- [Your assignment]: The task calls for the lines below from the line with "Lamelif Uzun Tesettür Hırka Kahverengi" to the line with "13、選擇涂抹工具,設置如下", both ends included, copied exactly, without any pictures.

- [Input]:
•••••

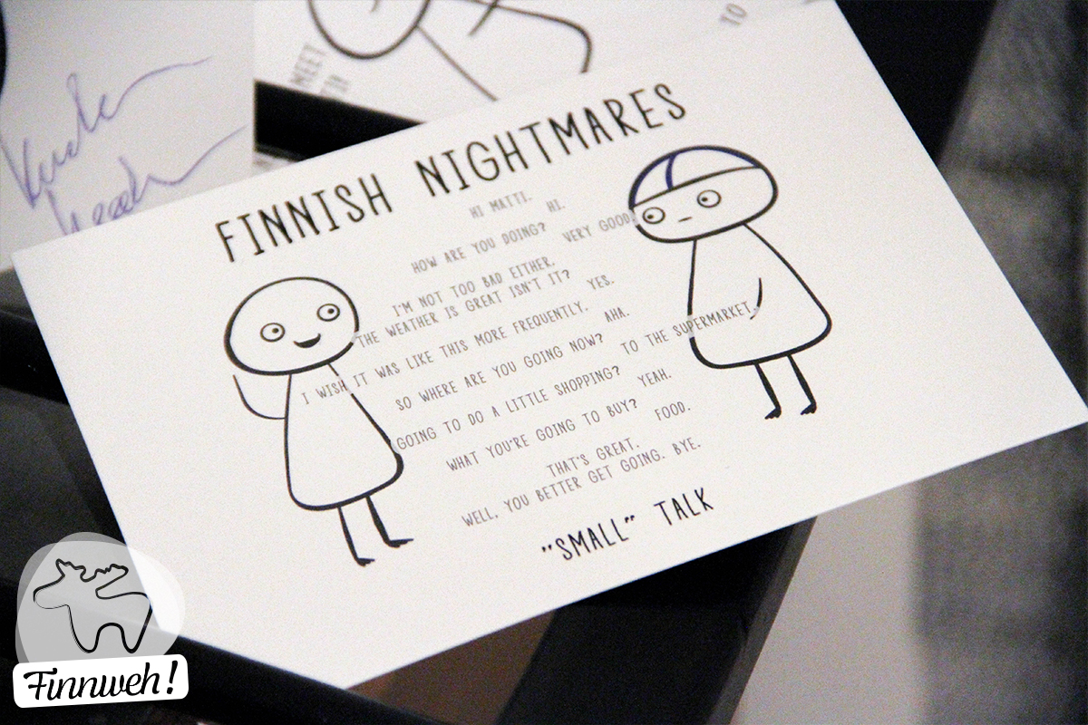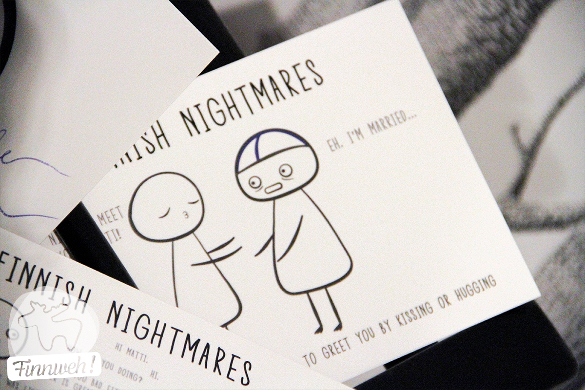 Matti ist die kleine Hauptfigur der Comic-Serie „Finnish Nightmares“ und durchlebt eben genau die Situationen die fast jedem Finnen unangenehm sind. Sei es, dass ihn jemand zur Begrüßung umarmen will, oder jemand Smalltalk hält.
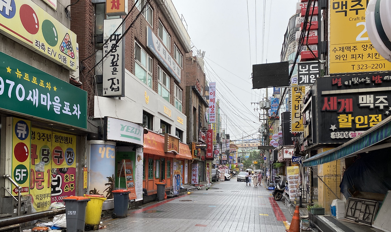 입학 전에 그 대학교를 몇 번 드나들면서, 학교 앞에 상업 시설 하나 없고 참 깨끗하다고, 진정한 학문의 전당인가 보다고 생각했는데, 난 정말 아무것도 모르는 십대 소녀였다. 굴다리를 지나가니 어마어마한 규모의 유흥가가 나왔다. 메인 도로 양쪽으로 격자형 골목들이 사방으로 뻗어나갔고 건물마다 단 한 군데의 빈틈도 없이 빽빽히 술집이 들어차 있었다. 지금은 서울 시내 유흥가들이 많이 한산해졌고 빈 가게도 많아졌지만 그때는 전혀 그렇지 않았다.
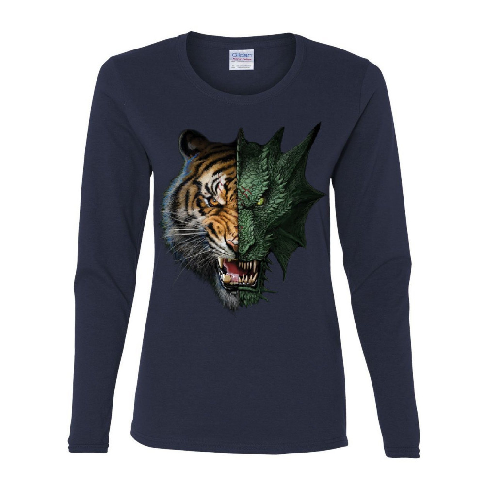 TIGER DRAGON FACE tiger and dragon face women's long sleeve tee animal beast fantasy monster fang navy blue
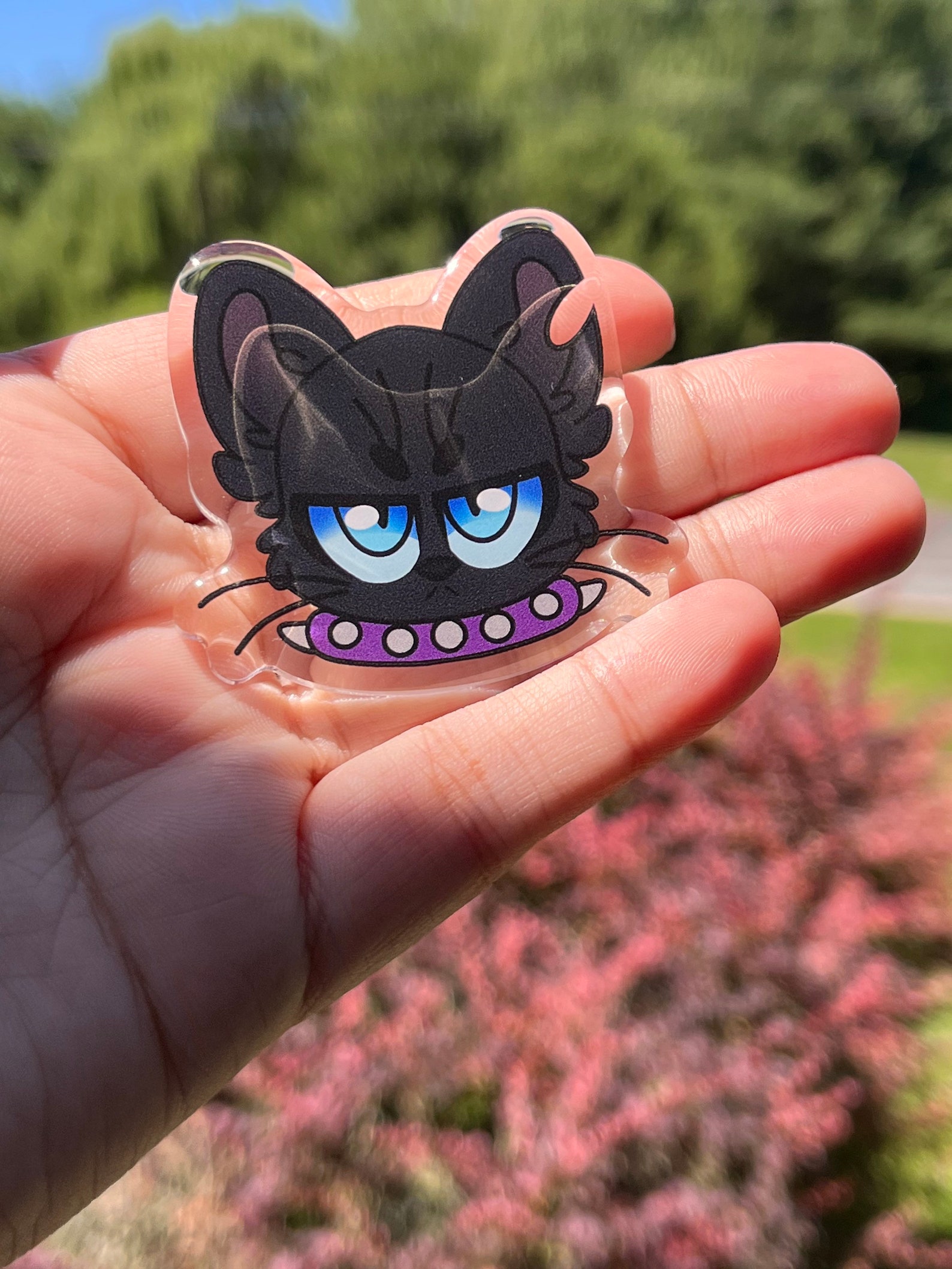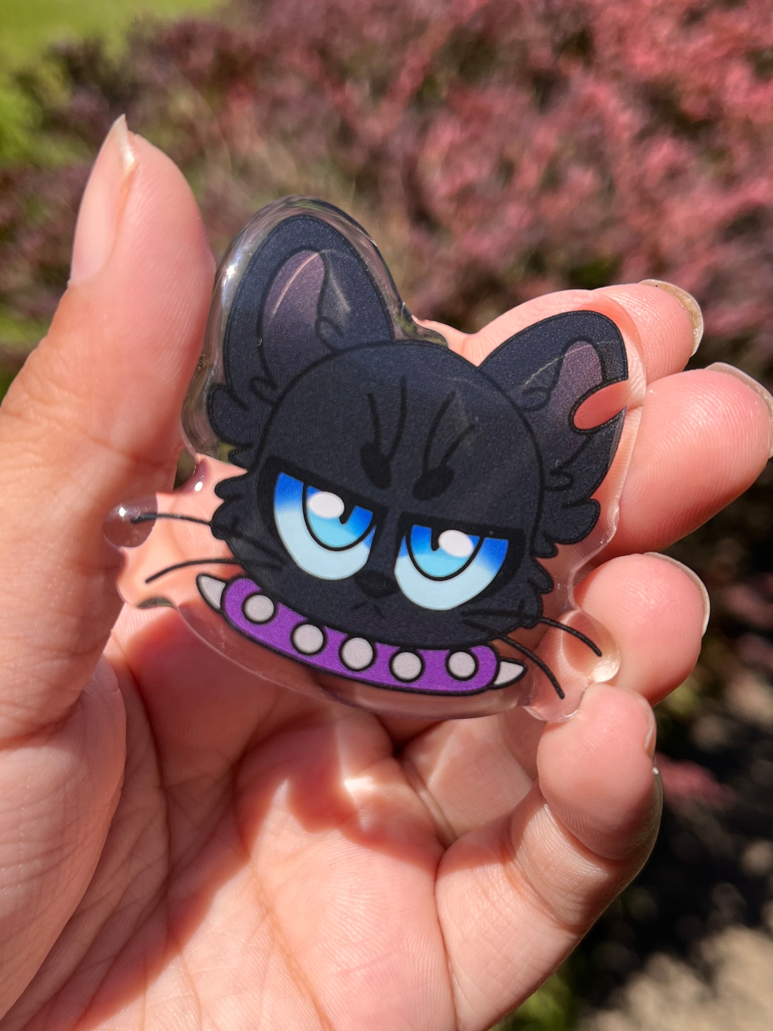 this emo cutie is a thick acrylic pin with a epoxy dome and a black heart clutch
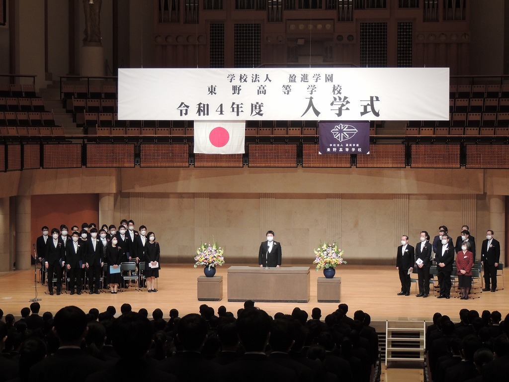 あらためまして、保護者の皆様におかれましては、本日のお子様の東野高校への入学を心よりお喜び申し上げます。私たちは、教育に携わるものとして、謙虚に覚悟をもって努力して参ります。盈進学園創始者丸山鋭雄の言葉を胸に。
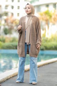 Lamelif Uzun Tesettür Hırka Kahverengi
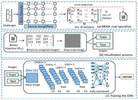 Figure 3 illustrates the entire enrollment procedure. It is made up of three steps: reading the DRAM PUF responses, converting them to gray-scale images and training the CNN.
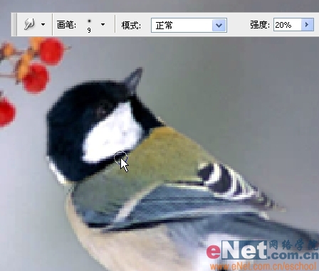 13、選擇涂抹工具,設置如下,將鳥頭與身體接合處輕輕涂抹一遍使之完美接合。下面就可以開始做動畫了。
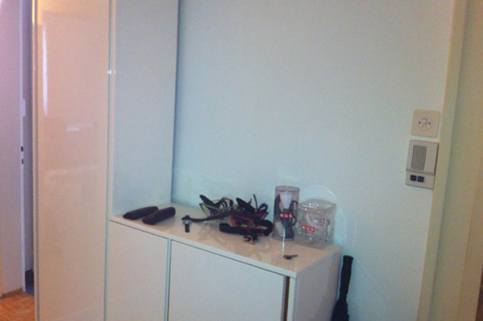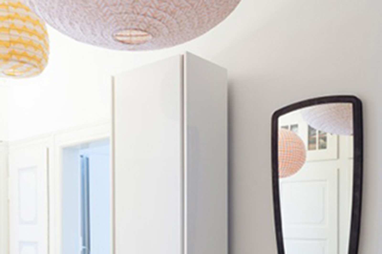 Der Eingangsbereich der ansonsten sehr schön eingerichteten Wohnung war unpraktisch und eher düster mangels einer natürlichen Lichtquelle und vieler abgehender Türen. Die Bewohner wünschten sich mehr Komfort und Fröhlichkeit. Auf dem bestehenden Sideboard haben wir deswegen einen schwarzen Stahlspiegel von Caravane aufgehängt. Dieser bringt einen schönen Kontrast zu den eher tristen Wänden. Ausserdem wurden drei farbigen Papierlampen an die Decke gehängt, die am Abend, bei eingeschaltetem Licht, wie tanzende Laternen aussehen. Um den Eingangsbereich praktischer zu gestalten, haben wir einen grossen Sisal Teppich von Ikea hinzugefügt, einen Garderobenhaken angebracht, sowie einen bequemen Hocker aus Bambus von KoK essentiel aufgestellt.
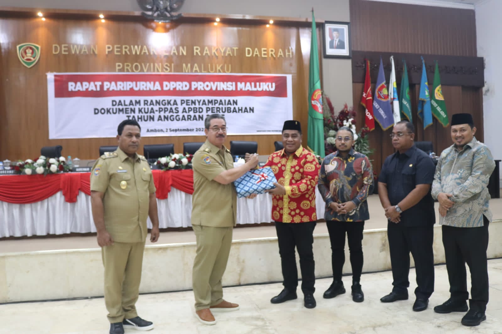 REFMAL.ID, Ambon – Gubernur Maluku Hendrik Lewerissa secara resmi menyerahkan dokumen Kebijakan Umum Anggaran serta Prioritas dan Plafon Anggaran Sementara (KUA-PPAS) Perubahan APBD Tahun Anggaran 2025 kepada Ketua DPRD Maluku Benhur George Watubun di Ruang Rapat Paripurna DPRD Provinsi Maluku, Karang Panjang, Kecamatan Sirimau, Ambon. Selasa (2/9/2025).
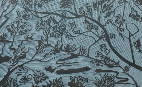 Ohne Titel, 2012. Holzschnitt und Öl auf eingefärbtem MDF, 63 x 103,5 x 5 cm.
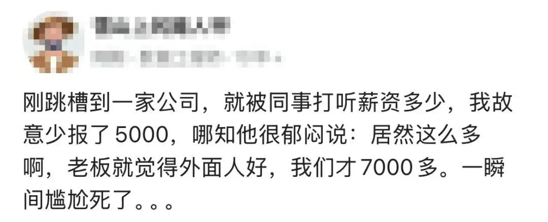 刚跳槽到一家公司,就被同事打听薪资多少,我故意少报了 5000,哪知他说:居然这么多啊,老板就觉得外面人好,我们才7000多.
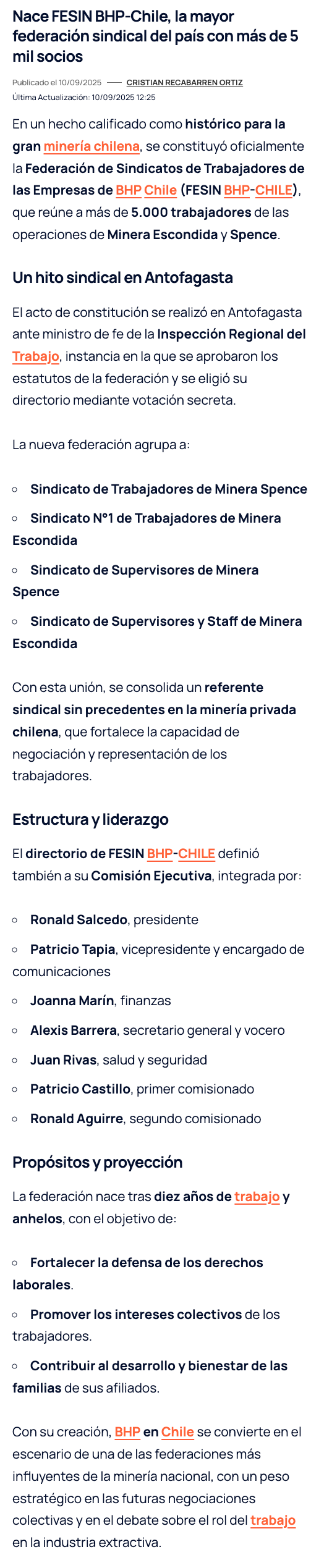 Nueva federación de sindicatos BHP busca sumar a contratistas y superar los 25 mil socios - (El Mercurio de Calama)
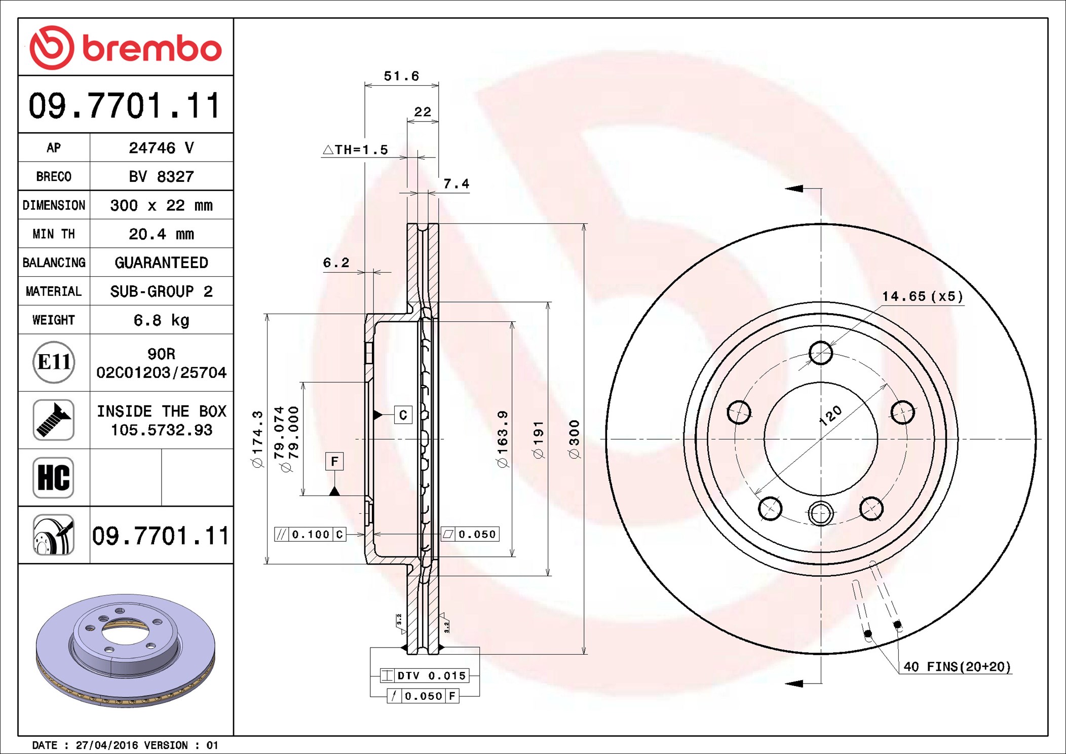 BREMBO 09.7701.11 - Brzdový kotúč
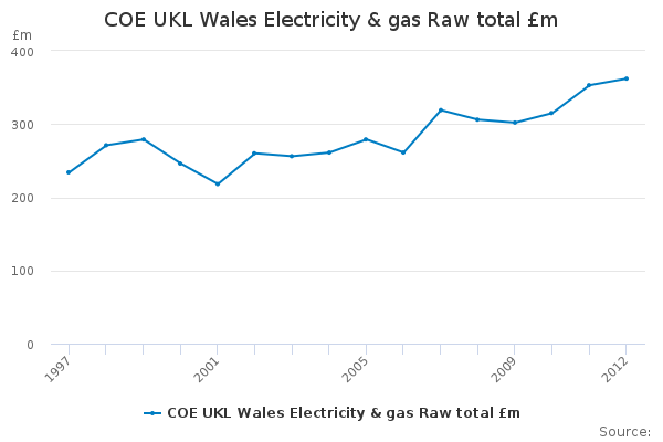 Download this time seriesCOE UKL Wales Electricity & gas Raw total £m
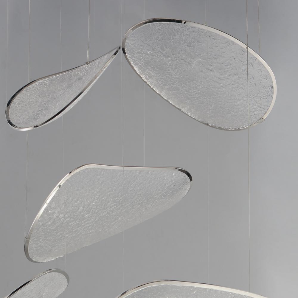 A triumph of scale, craft, and light, Moonscapes transforms celestial inspiration into a breathtaking installation. Monumental in form yet ethereal in presence, each irregularly shaped panel evokes the cratered terrain of the lunar surface with dramatic te
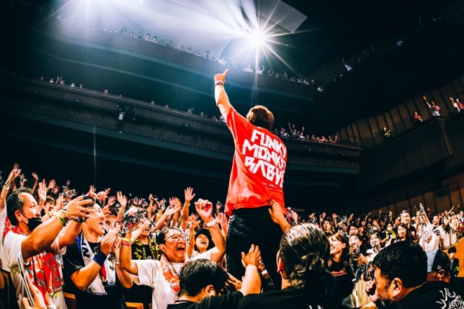 「こうやってみんなと一緒に歌を歌うことができて、心から嬉しく思ってます。3年間、我慢することが多かったけど、俺たちが歌ってるこの空間だけは我慢することない。みんなが歌いたい時に歌っていい。それがFUNKY MONKEY BΛBY’Sのライブだからね。みんなが我慢してくれたから、またあの日みたいな光景を取り戻すことができました。みんなと一緒に大合唱したい歌があるんで、力を貸してください。あなたの声が聴きたいんだ!」とライブの途中で観客に呼びかけていたファンキー加藤。そしてスタートした「あとひとつ」で客席から沸き起こった歌声は、特大級だった。
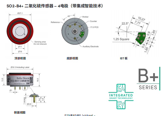 英國alphasense 二氧化硫傳感器(SO2傳感器)SO2-B4 SO2-B4+ IST板數(shù)據(jù):
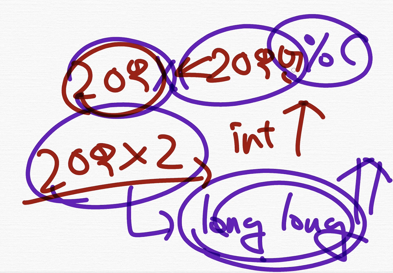그러니까 이 곱하는 것 자체 때문에 일단 범위는 무조건 long long을 써야 돼요. 그런데 20억을 20억번 곱하는데 long long을 당연히 벗어날 거 아니에요. long long으로도 부족하죠.
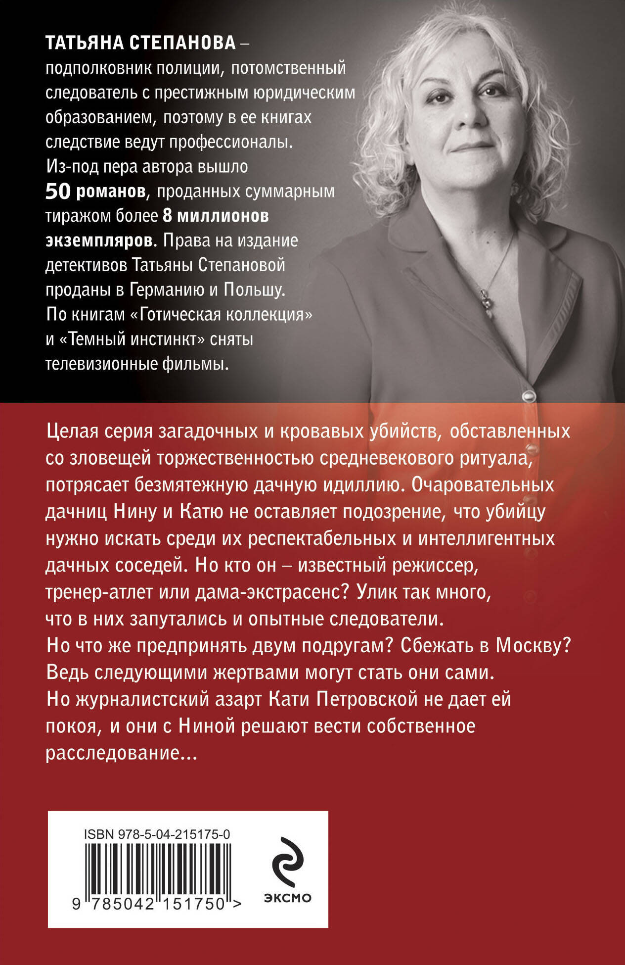 Целая серия загадочных и кровавых убийств, обставленных со зловещей торжественностью средневекового ритуала, потрясает безмятежную дачную идиллию. Очаровательных дачниц Нину и Катю не оставляет подозрение, что убийцу нужно искать среди их респектабельных и интеллигентных дачных соседей. Но кто он - известный режиссер, тренер-атлет или дама-экстрасенс? Улик так много, что в них запутались и опытные следователи. Но что же предпринять двум подругам? Сбежать в Москву? Ведь следующими жертвами могут стать они сами. Но журналистский азарт Кати Петровской не дает ей покоя, и они с Ниной решают вести собственное расследование... Романы потомственного следователя Татьяны Степановой позволяют читателю побывать в литературной «комнате страха». Таинственные убийства, почти осязаемая атмосфера преступления, томительное и тревожное ожидание чего-то неведомого, пугающего... Все это Татьяне Степановой удается воспроизвести просто блестяще. Случайные встречи, повседневные дела, незначительные детали изображаются в ее детективах в каком-то особом, драматическом свете, словно безобидный весенний луг перед стремительно надвигающейся грозой.| Издательство | ООО "Издательство "Эксмо" |
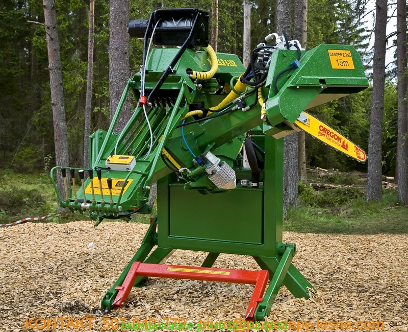 Inne cechy urządzenia obejmują na przykład zintegrowany siłownik przedłużenia wysięgnika z funkcją amortyzacji na obu końcach, zintegrowaną piłę z wbudowaną pompą smarującą i trwale zamontowanym silnikiem, duży 60-litrowy zbiornik oleju hydraulicznego i panel sterowania o regulowanej wysokości w celu zapewnienia optymalnej pozycji pracy.

•••••

- [Answer box]:
 Lamelif Uzun Tesettür Hırka Kahverengi
 Figure 3 illustrates the entire enrollment procedure. It is made up of three steps: reading the DRAM PUF responses, converting them to gray-scale images and training the CNN.
 13、選擇涂抹工具,設置如下,將鳥頭與身體接合處輕輕涂抹一遍使之完美接合。下面就可以開始做動畫了。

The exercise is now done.